Wisconsin beekeepers are also faced with the challenge of keeping their bees alive during the cold, winter season. For Indian Summer Honey Farm in Germantown and Henry’s Honey Farm in Redgranite, bees are transported to Florida and California during the winter months, respectively. Migrating allows their bees to be productive during the winter season.
Mad Urban Bees in Madison does not transport its bees south for the winter. “The main challenge is getting them through November and December,” admitted Nathan Clarke of Mad Urban Bees.
Despite the brutal winter, beekeepers agree that Wisconsin is an ideal place to produce honey. With the variety of flowers and trees here, Wisconsin honey is unique.
Wisconsin’s native dandelions, lilacs and buckthorn are all used in honey to create a terrific, distinct flavor. “It’s nothing we do, it’s a wonderful location,” Werner said. “Wisconsin honey is a unique blend that the bees do themselves,” added John Piechowski from Henry’s Honey Farm. “I often say to myself ‘Thank you bees, you’ve done a good job.’”
Tasting the honey is the best part of beekeeping, Clarke said. Beekeeping in an urban area allows for numerous varieties of honey since there is more biodiversity and bees have a variety of nectar and pollen to choose from. To capture the flavors of all the flowers that are in bloom, Mad Urban Bees extracts their honey every three to four weeks.
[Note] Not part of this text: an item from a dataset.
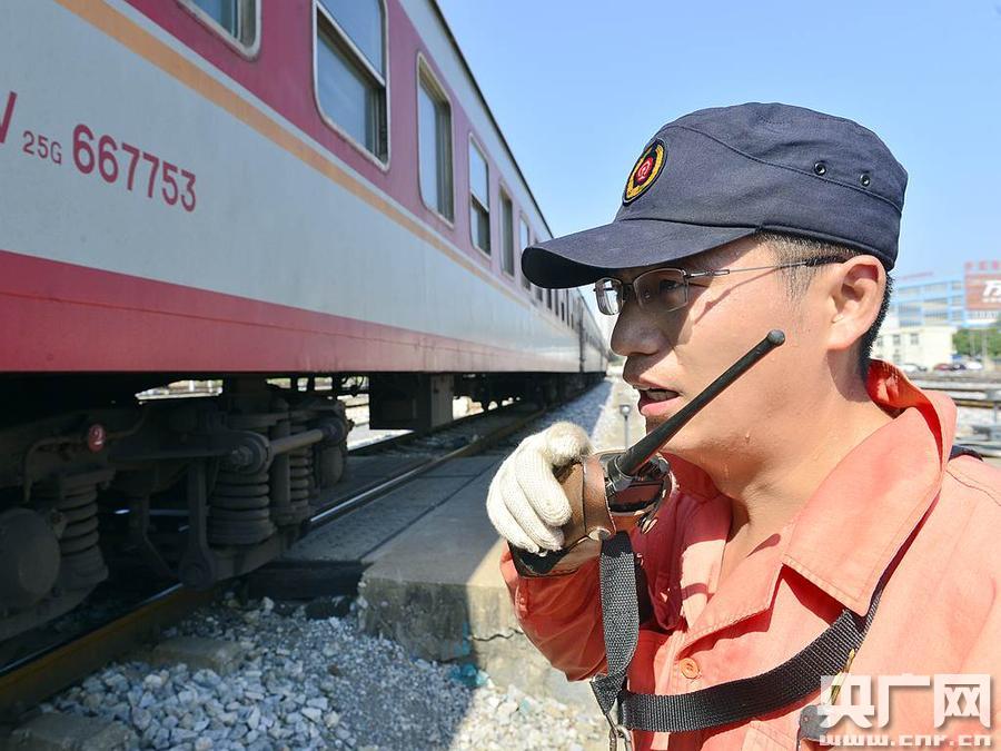 央廣網(wǎng)合肥8月5日消息(記者梁明星 通訊員蘇楠、李博)合肥連日高溫,氣象臺連續(xù)發(fā)布高溫預(yù)警。就在這樣的“三伏天”,鐵路職工高溫中堅守崗位一線,保證客運列車能夠及時發(fā)車,確保旅客安全出行。

You can have a sweet new year by enjoying a range of honey flavors. Indian Summer Honey Farm offers black locust, basswood and sweet clover honey. These major flavors are then blended with a variety of blossoms. One of their most popular combinations is a basswood and sweet clover blend. A clover blend is also most popular for Henry’s Honey Farm.
Like wine, honey is different every year. In general, fall honey is darker and stronger. “As the season changes, the different nectars cause the honey to get darker,” Clarke said.
Mad Urban Bee’s fall flavors often have hints of berry or brown sugar. With all the rain and the cold spring Wisconsin had, Indian Summer Honey Farm will have more sweet clover honey and less basswood and black locust, Werner said.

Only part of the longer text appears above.